Strategic partnerships: a good deal for CROs, or just a cost-cutting measure by big pharma?
Strategic partnerships with the top 20 pharma companies are what most sizable CROs dream of these days.
And recent moves in the market reflect just that, with mid-tier CROs either buying one another or being bought by investment groups almost every week. The strategy: get large enough that the big pharma companies can’t ignore you when it’s time to choose new strategic partners to which they will funnel the lion’s share of their studies.
Such partnerships are part of a movement among big pharma to restructure operations in an effort to show shareholders they can be efficient and profitable, according to John Kreger, a financial analyst with William Blair who has been scrutinizing the clinical research outsourcing space for almost 20 years.
“There’s a tremendous amount of cynicism among stockholders that internal R&D infrastructure is completely broken and dysfunctional and inefficient, and they put tremendous pressure on management to fix it and downsize,” he said. “The big 20 pharma companies have been almost in a state of panic about restructuring their model, and outsourcing is being seized upon as a great way to cut unnecessary R&D spending and get more efficient.”
Enter the strategic partnership agreement, in which a very small handful of CROs are chosen to do most, if not all, of a drug maker’s R&D work for a specific, usually long-term time frame. The pharma company chooses the best CROs for the job(s), then works only with them. The CROs receive a steady stream of work.
But are these arrangements actually good for the CROs chosen? According to a report by William Blair analysts about Pfizer’s recently announced strategic partnerships with Parexel and Icon, during their ramp-up phase, these deals can actually impair CROs a bit.
“Given the size and complexity of the implementation, start-up costs and lack of near-term revenue as Pfizer transitions away from its broad list of other clinical CRO vendors, we would not be surprised if this award pressures [Parexel’s] and [Icon’s] margins in the short term,” the report said.
But once fully operational, the analysts predicted those particular deals should be profitable. The report estimated the agreement could increase Parexel’s revenue and earnings base by roughly 11% to 12%, and Icon’s base by 13% to 15%.

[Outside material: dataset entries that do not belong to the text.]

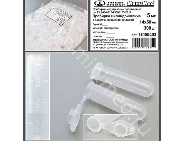 Пробирка цилиндрическая с защелкивающейся крышкой, предназначена для хранения, транспортировки биологических и иных жидкостей, проведения различных биохимических реакций. Градуировка до 4 мл, имеется окно для записи информации. Изготавливается из полипропилена. Возможно автоклавирование при темперуре +121° С. Нестерильная.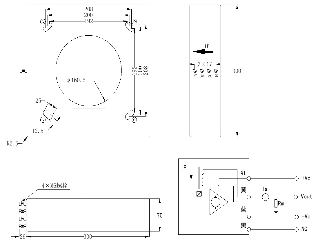 工作原理 | 工作電壓V | 額定電流IP/A | 輸出 | 精度% | 響應(yīng)時(shí)間 | 抗電強(qiáng)度kV | 工作溫度℃ | 備注 |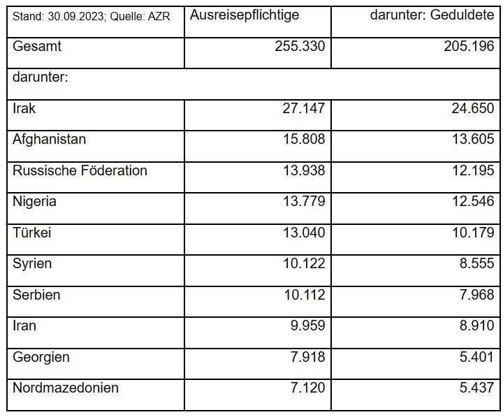 Dann folgen Staaten wie Afghanistan, Russland, Nigeria, die Türkei und Syrien. Aus der Antwort des Bundesinnenministeriums geht jedoch auch hervor, dass von den 250.000 abschiebepflichtigen Personen, 200.000 einen Duldungsstatus innehaben. Bei jeder relevanten ausreisepflichtigen Gruppe liegt dies überwiegend vor. Obwohl diese Personen also kein Recht zum Aufenthalt in Deutschland haben, können sie trotzdem nicht abgeschoben werden, da andere rechtliche Gründe, Kapazitätsprobleme oder fehlenden Papiere dies verhindern.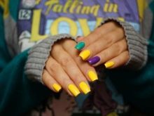 As practice has shown, colors that are difficult to imagine together in a single image, ideally "get along" on the nails. Modern fashion allows you to experiment, it is multifaceted and original, so experts in the field of nail aesthetics do not prohibit the use of two varnishes and more different tones on the nails. Moreover, the use of different colors on each finger is allowed.

Still, some critics say these deals may seem like prizes but in reality they force the CRO to offer painfully deep discounts in exchange for a steady flow of work. August Troendle, co-founder, president and CEO of Medpace, is one such critic. Medpace, which just sold an 80% stake to CCMP Capital Advisors, does not jockey for strategic partnerships or preferred provider status with big pharma.
“Frankly, we don’t have to sit down at the table and talk about the 15% to 18% price reduction that a preferred provider has to do,” said Troendle. “I’d rather be getting the work that’s the exception to their preferred provider lists than to be on the preferred provider lists.”
Instead, he bucks the trend of CROs scrambling to buy one another and grow big enough to attract the attention of large sponsors. “All these companies line up to get revenue from large pharma, and it’s very compelling to them, but they pay a significant price. Look at INC and Kendle and PharmaNet—all of them will be left at the lower end of the majors and have tremendous difficulty getting on those lists, and at great price concessions, while having to integrate acquisitions.”
William Blair analysts alluded to such price concessions in their report on the Pfizer deals, saying, “... there are risks that go along with working with a sponsor with the purchasing muscle of Pfizer.”
Parexel now has four announced strategic partnerships, as well as some that are not public. Founder, president and CEO Josef von Rickenbach said the negative and the positive of these deals seem to even out.
“We’ve done comprehensive analyses on the quality and benefits of strategic partnerships, and for us it hasn’t worked out any worse than regular business from a profitability point of view,” he said. “I don’t believe these deals are going to have profitability issues. I also don’t believe they will boost your profitability miraculously. But they do really have a lot of cost advantages that normally wouldn’t be there. For instance, you don’t have to go through this bidding all the time, which is very expensive.”
Said Peter Gray, CEO of Icon—which also now has four public partnership deals in place as well as some that are not public—rendering these tight arrangements profitable can be done, it just takes effort, focus and patience.
“We believe the process of making these relationships work in a way that’s profitable takes time, but the whole premise behind these deals is that you align all your processes, and build and grow together, and the way you begin to interact soon enables CROs to be profitable and also allows the client to get good value for their money,” said Gray.
Those who criticize these deals just may be resentful about not being invited to the party, he added. “Perhaps there are some sour grapes involved. But they are failing to recognize that the pharma industry is seeking to transform itself, and you can either choose to be a part of that or you can stand on the sidelines and wail about it happening. We’ve chosen to get in the game.”
Said Kreger, more deals are definitely in the works. “This is the direction the industry is moving, and we’re still in the early innings; there are more pharma companies that don’t have these agreements than those that do,” he said.
Who might be next to choose CRO strategic partners? Amid wide speculation, Kreger said many are eyeing Merck, which, having bought Schering-Plough in 2009, now seems ripe for a strategic outsourcing marriage or two.